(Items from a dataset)
══════════
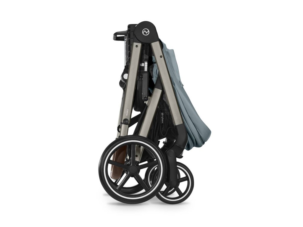Model Cybex Balios S Lux lze jednou rukou snadno složit do volně stojícího balíčku pro pohodlné ukládání a skladování.
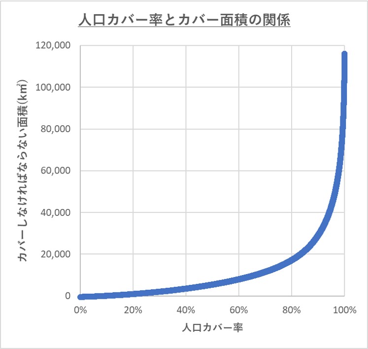 参考として、最も効率的にカバーしたという前提で、人口カバー率とカバー面積の関係を示したものを掲載しておきます。
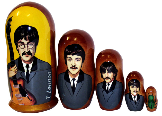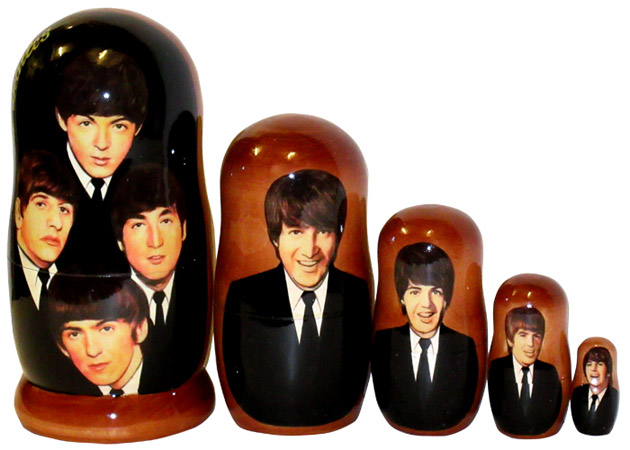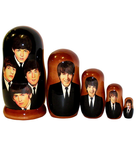 Beatles in Suits 1 Russian Dolls Set of 5 Dolls with gloss finish. 17.5 cm (7") tall approx. Colour may vary slightly from that shown. Comes with gift box.
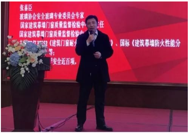 玻璃协会安全玻璃专业委员会专家,国家建筑幕墙门窗质量监督检验中心副主任,国家建筑幕墙门窗质量监督检验中心总工张喜臣发表演讲--《建筑门窗耐火完整性试验方法》
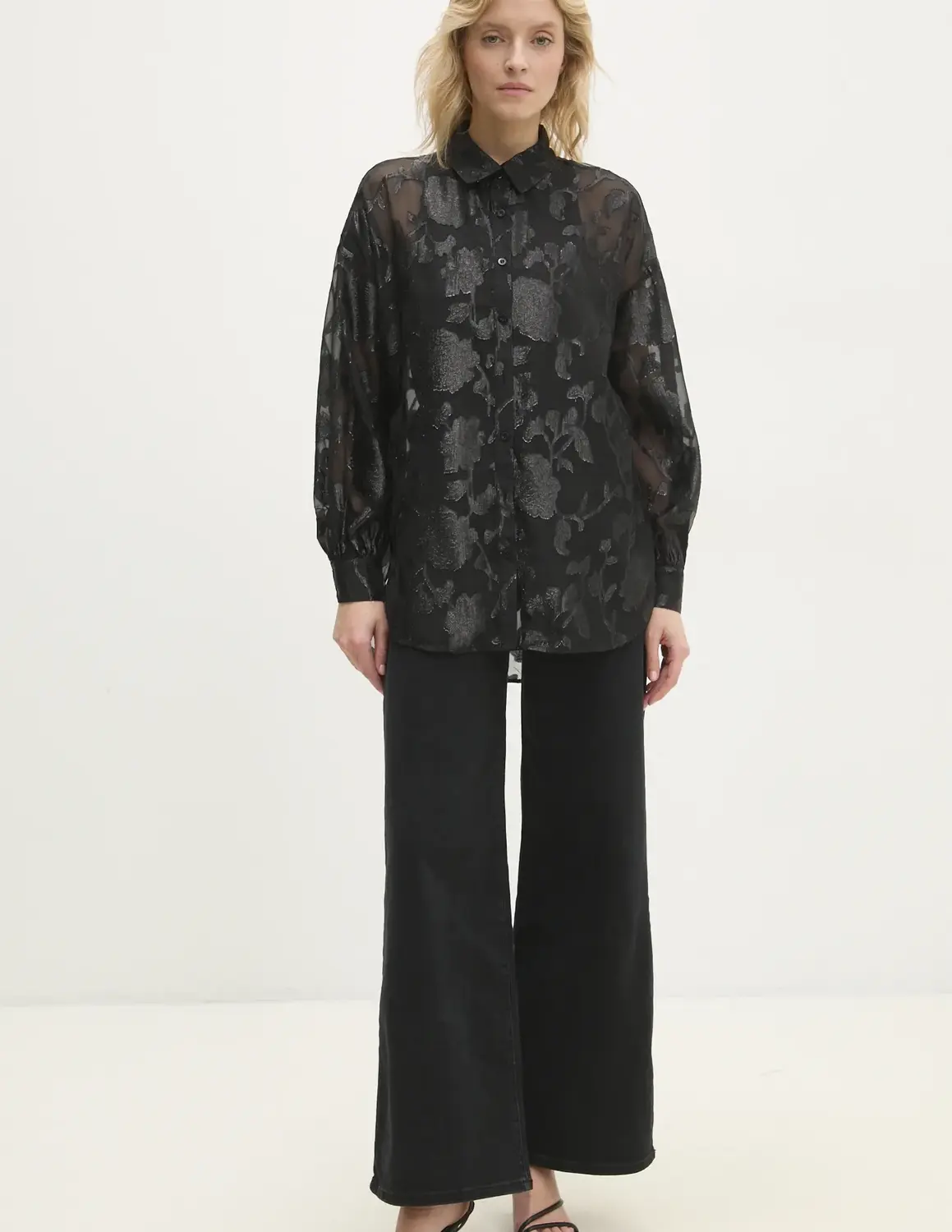 Рубашка Answear Lab из ткани с рисунком. Модель из мерцающей ткани с металлизированной нитью.
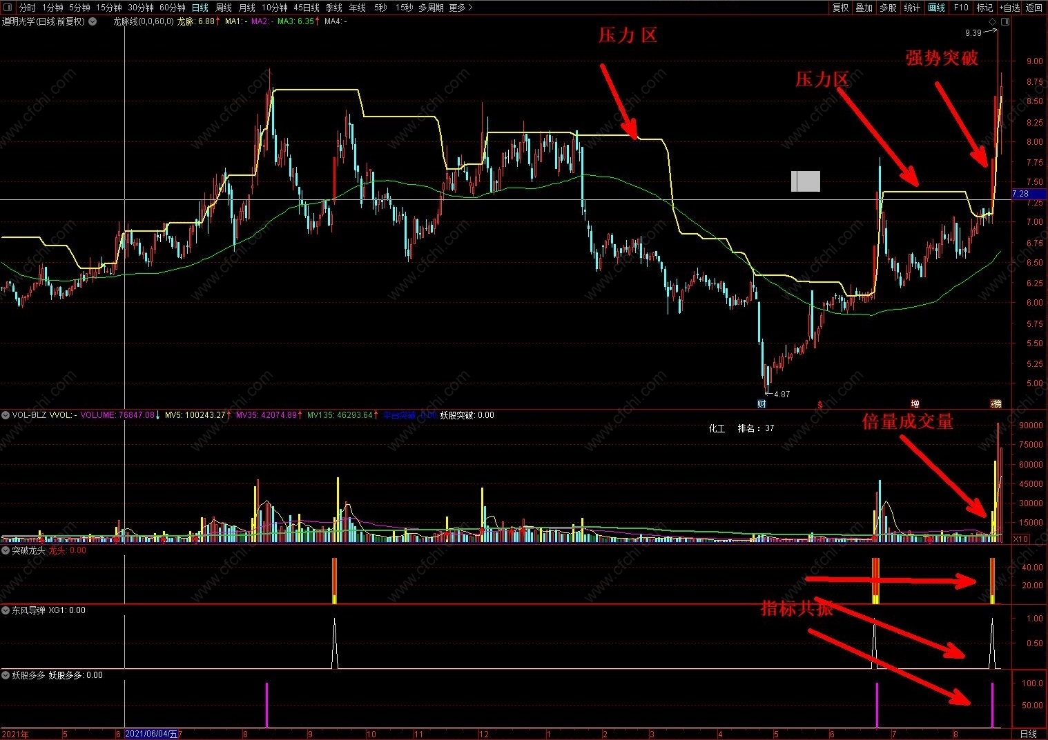 副图四合一,四指标共振成功率大,具休可参考下方图文注释,近期抓到三维,国光,德龙,
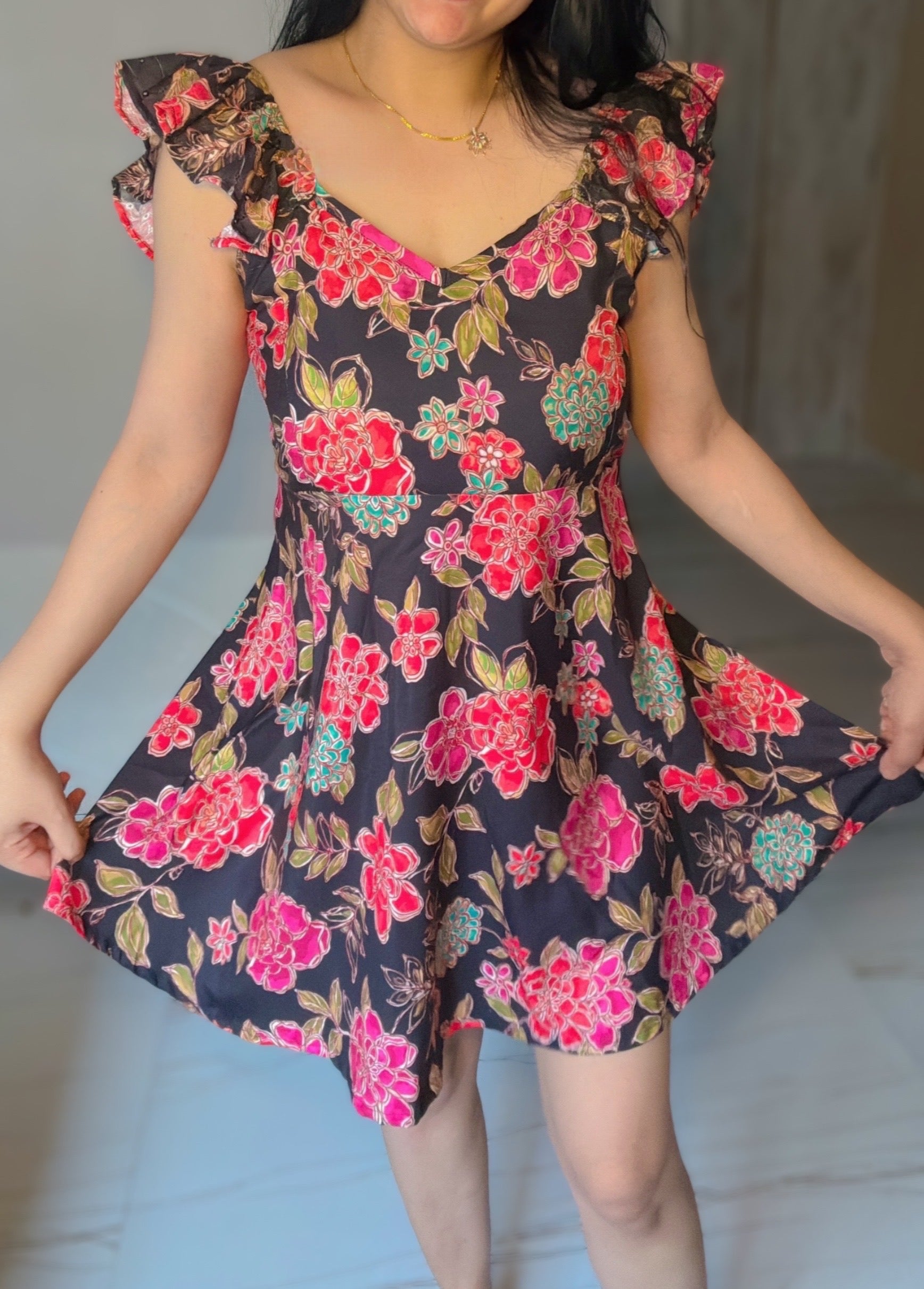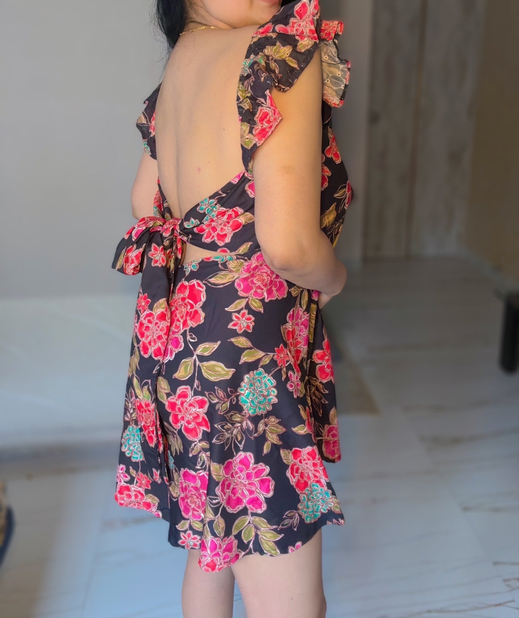 · Sweetheart Neckline with flares having tie-up string at the back.
══════════
Copy the records word for word, leaving no picture in the copy.

> _Completed task_
Model Cybex Balios S Lux lze jednou rukou snadno složit do volně stojícího balíčku pro pohodlné ukládání a skladování.
 参考として、最も効率的にカバーしたという前提で、人口カバー率とカバー面積の関係を示したものを掲載しておきます。
 Beatles in Suits 1 Russian Dolls Set of 5 Dolls with gloss finish. 17.5 cm (7") tall approx. Colour may vary slightly from that shown. Comes with gift box.
 玻璃协会安全玻璃专业委员会专家,国家建筑幕墙门窗质量监督检验中心副主任,国家建筑幕墙门窗质量监督检验中心总工张喜臣发表演讲--《建筑门窗耐火完整性试验方法》
 Рубашка Answear Lab из ткани с рисунком. Модель из мерцающей ткани с металлизированной нитью.
 副图四合一,四指标共振成功率大,具休可参考下方图文注释,近期抓到三维,国光,德龙,
 · Sweetheart Neckline with flares having tie-up string at the back.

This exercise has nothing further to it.